*** Opening Dataset records ***
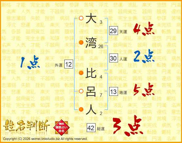 大(3画)湾(26画) 比(4画)呂(7画)人(2画)
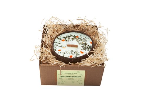 Svíčka z kokosu - vůně Limetka, bazalka & mandarinka - Sójové svíčky v kokosové skořápce jsou krásnou ozdobou a dekorací. Svíčky neobsahují parafín, který je vedlejším produktem ropného průmyslu. Spalováním parafínu se do vzduchu uvolňují nebezpečné toxiny, které potom vdechujeme. Svíčka obsahuje bavlněný knot, tedy čistě přírodní, bez obsahu boraxu, do kterého se jinak knoty namáčí, aby se uměle docílilo lepšího hoření. Do vosku přidáváme pouze kvalitní esenciální oleje z lokálních zdrojů. Svíčky jsou odlévány a zdobeny ručně. Každá se tedy od sebe trochu liší. Sojový vosk hoří přibližně dvakrát déle, než ten parafínový, u 100g vosku je to +- 20 hodin.
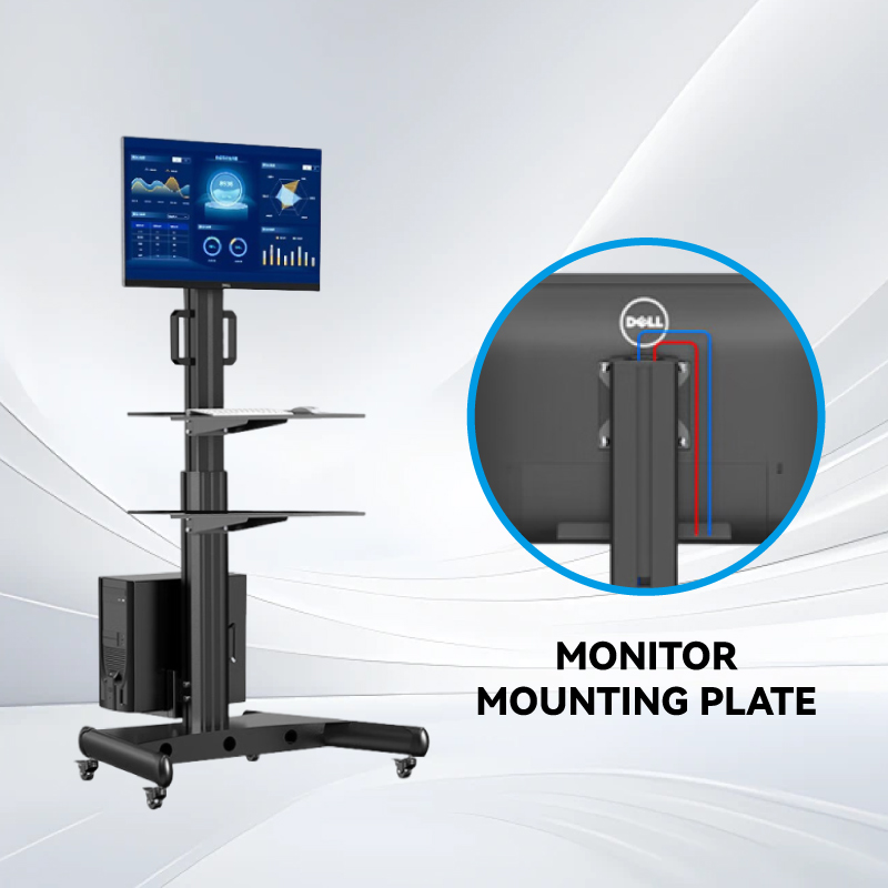 Ce chariot médical est doté d'une colonne réglable en hauteur supportant un écran numérique pour le suivi des données patient en temps réel. Son design épuré comprend un plateau de clavier coulissant et une base mobile robuste avec roulettes verrouillables pour une mobilité clinique optimale.
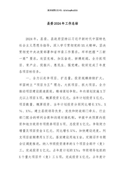 / 【七哥公文】2024年:县委2024年工作总结+更多免费公文+VX:QiGeGongWen2024
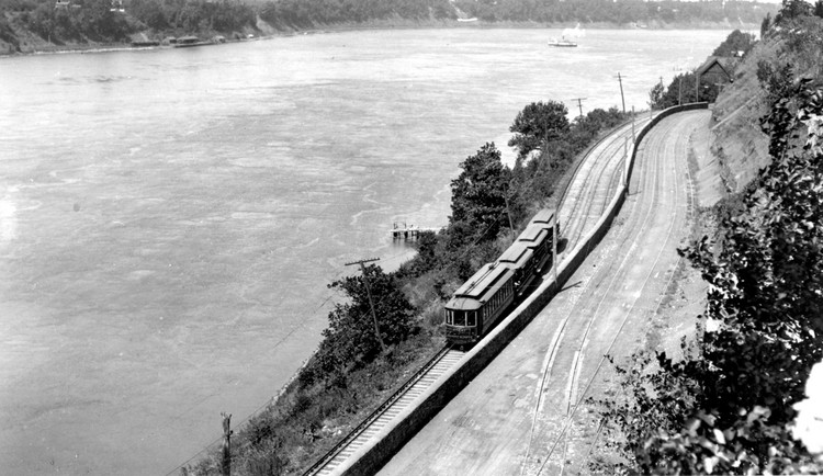 Great Gorge Route - Railway car with trailer on the US side - Queenston Dock in background
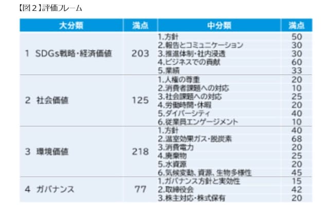 本調査は、SDGs経営の実態を把握すると同時に、その取り組みの状況から、SDGs経営の進捗度合いを定量的に評価することを目的とする。SDGs経営の評価フレームとしては、「SDGs戦略・経済価値」「社会価値」「環境価値」「ガバナンス」という4つの大分類を設けた(図2)。各大分類は3~6の中分類で定義・構成している。
*** Closing Dataset records ***
Exercise goal
Please reproduce the lines above from the one containing "Ce chariot médical" through the final line, exactly and inclusively, leaving out each picture.

Output for this task
 Ce chariot médical est doté d'une colonne réglable en hauteur supportant un écran numérique pour le suivi des données patient en temps réel. Son design épuré comprend un plateau de clavier coulissant et une base mobile robuste avec roulettes verrouillables pour une mobilité clinique optimale.
 / 【七哥公文】2024年:县委2024年工作总结+更多免费公文+VX:QiGeGongWen2024
 Great Gorge Route - Railway car with trailer on the US side - Queenston Dock in background
 本調査は、SDGs経営の実態を把握すると同時に、その取り組みの状況から、SDGs経営の進捗度合いを定量的に評価することを目的とする。SDGs経営の評価フレームとしては、「SDGs戦略・経済価値」「社会価値」「環境価値」「ガバナンス」という4つの大分類を設けた(図2)。各大分類は3~6の中分類で定義・構成している。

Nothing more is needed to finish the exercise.